Our Durethan® PA6 materials provide superior thermal stability, greater impact resistance down to -60°C, and better barrier performance than conventional PA6 alternatives. Suitable for both thermoset and thermoplastic composites, these materials ensure safe, lightweight, and sustainable pressurized hydrogen tanks.
Comparing Polyamide 6 Liners Over Metal and Polymer Alternatives
Steel, aluminum, and High-Density Polyethylene (HDPE) are commonly used materials for hydrogen tanks, but each has limitations. Steel is three times heavier than plastic and more expensive, while aluminum is lighter than steel but still not as light as plastic. HDPE has higher permeation and a greater risk of blistering. Advanced Polyamide 6 (PA6) materials provide a superior alternative, offering lightweight durability, low permeation, excellent thermal performance, and cost-effective monolayer processing.

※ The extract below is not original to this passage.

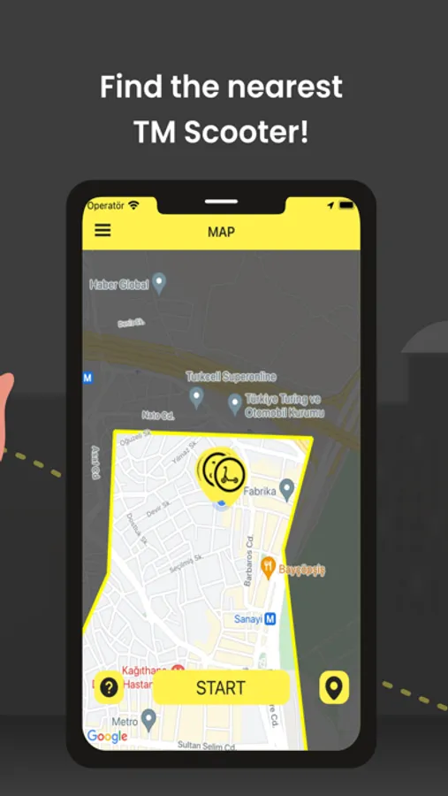 - Find the TMRide scooter near you on the map.

Advantages of PA6 Liners vs Metal Designs (T1-T3)
- Up to 50% weight reduction, lowering CO2 emissions.
- Single-step blow molding uses less energy than steel or aluminum processing.
- Eliminates costly forming and welding steps.
- Integrated design allows for molded valve ports, reducing complexity.
Advantages of PA6 Liners vs Alternative Polymer Liners (T4)
- Superior impermeability to natural gas, enabling thinner walls and increased capacity (100x greater than HDPE, 10x greater than POM).
- Excellent low-temperature impact performance, safe operation and filling at -40°C.
- Better thermal stability, reducing curing time for composite reinforcement.
- High dimensional stability ensures quality pinch welds during molding.